TAKEAWAY: Do not take adverse action against employees based on a protected characteristic – or if they take advantage of protected rights. Just don’t do it.
The post on Friday 8/9/2024 noted $55K of condo association money found in personal bank account, cops say. A former property management worker for a FL condo association was arrested, accused of stealing more than $55,000 of community money that was found in her personal bank account. Ivonne Leon, 54, worked for Courtesy Property Management for 12 years. One of Courtesy’s clients used to be Royal Palm Place at the Hammocks Condominium Association which found through an audit that payments were missing. An arrest report says $55,810 of those payments had gone into Leon’s bank account. What Leon did with the money, what the charges against her is all in the post. After her arrest, she used her right to remain silent and posted $7,500 bond.

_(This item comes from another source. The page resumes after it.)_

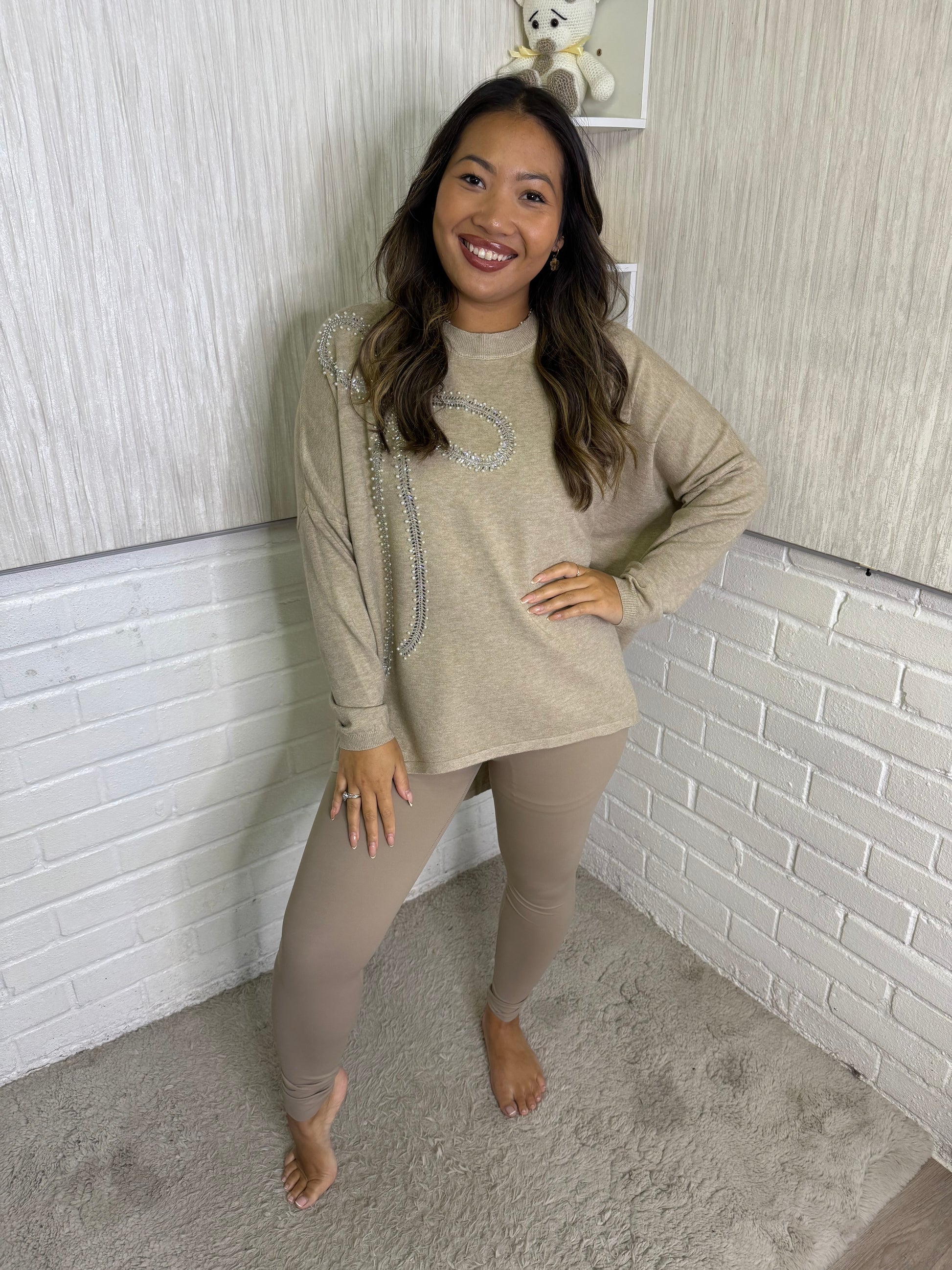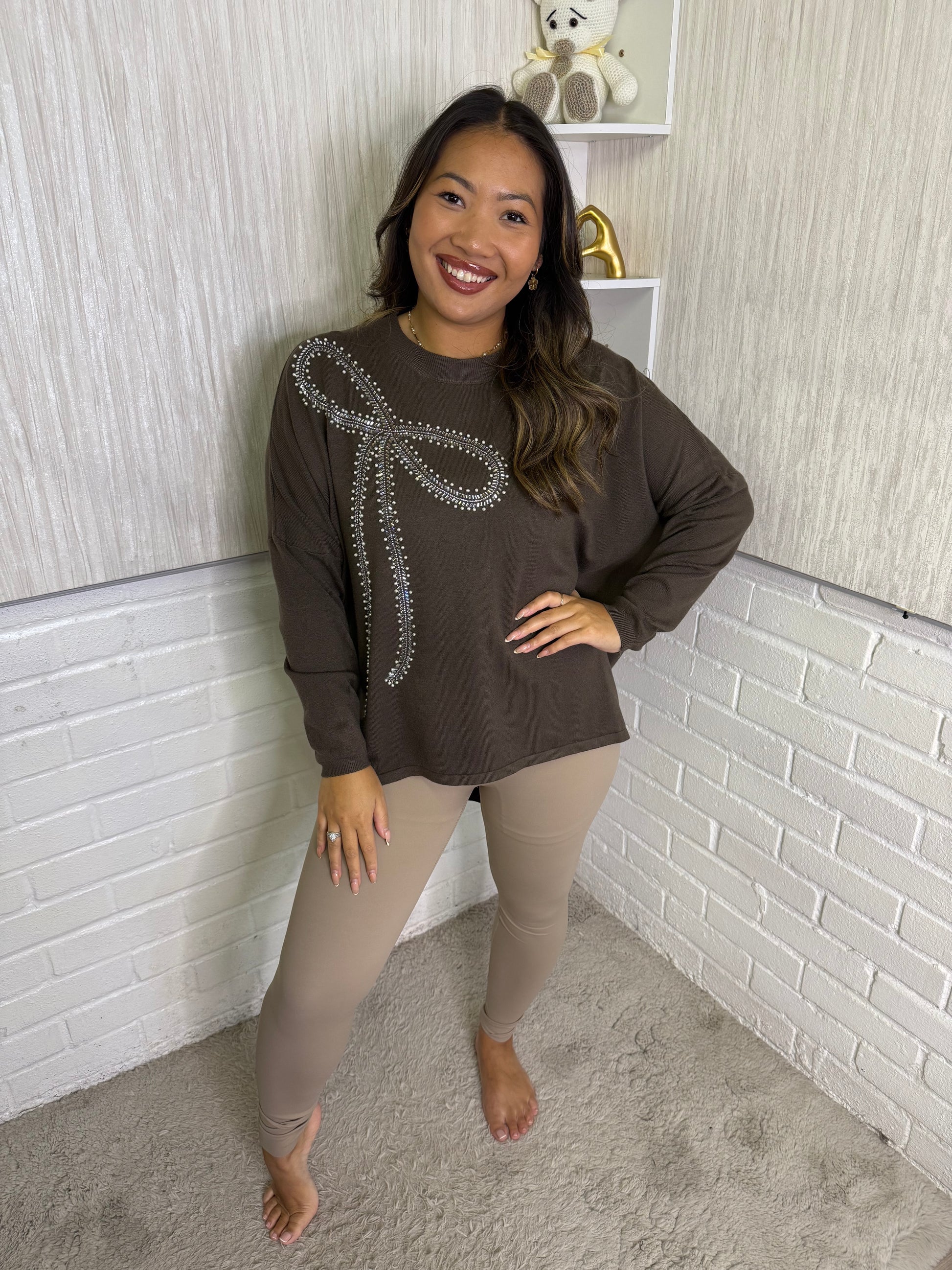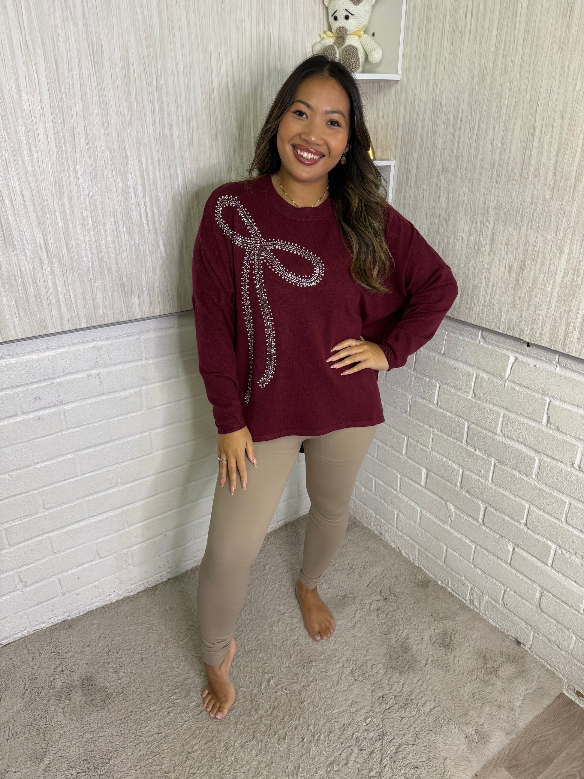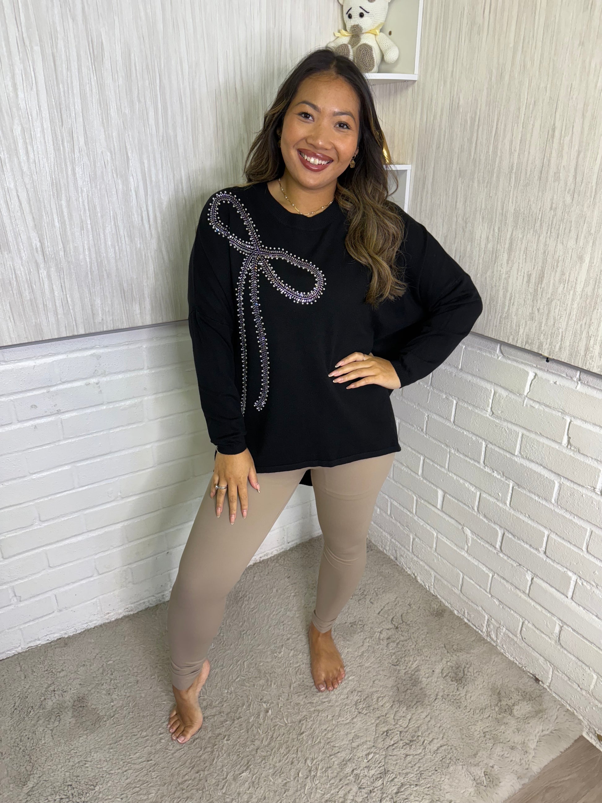 A stunning adorned sweater featuring a bow accent detail pearl and baguette style gems and round rhinestones. Available in one size, fitting up to a size 20/22. Made of 50% viscose, 28% polyester, and 22% nylon. Model is a size 12, standing at 5.2ft

The arrest report says that Leon, as a CPM administrative assistant, collected payments from Royal Palm Place owners and tenants from November 2019 – October 2022. CPM tried to distance itself from Leon by throwing the association under the bus– see the post. The arrest report says an audit of association money revealed “numerous payments” hadn’t been deposited in association accounts. Some money orders and cashiers’ checks given to Leon were made payable to the association but then altered and made payable to cash or to Leon. The funds were then found in Leon’s personal account. CPM, which had been Royal Palm’s management company since September 2007, said it fired Leon on Dec. 2, 2022. And CPM’s agreement with Royal Palm? See the post. What CPM had to say about the incident and what it has done as a result is also in the post.
TAKEAWAY: Don’t wait for an audit – make sure your condo or homeowners’ association knows where its money is at all times. Contact a community association lawyer for help in developing relevant policies and procedures.
Finally, in the post yesterday 8/10/2024, we learned Microsoft will pay $14M to settle allegations it discriminated against employees who took leave. The proposed settlement stems from a multi-year investigation by a California agency and the consent decree is subject to approval in state court. The state agency launched its investigation in 2020; it alleged that employees who took leave from work due to pregnancy or disability, or to bond with a new baby or care for a sick family member, received lower bonuses and unfavorable performance reviews. The effect that had on employees going forward is noted in the post.
As part of the proposed settlement, Microsoft will take steps to prevent future discrimination, including updated manager training. An outside consultant will monitor and report on the company’s compliance. To whom will the settlement funds be distributed and in what amount? See the post. Microsoft has about 221,000 employees worldwide, with almost 7,000 in California. The state agency did not have an estimate for how many workers could receive part of the settlement funds.
TAKEAWAY: Do not take adverse action against employees exercising a statutorily protected right (or who are otherwise in a protected class). Get assistance from an employment lawyer first.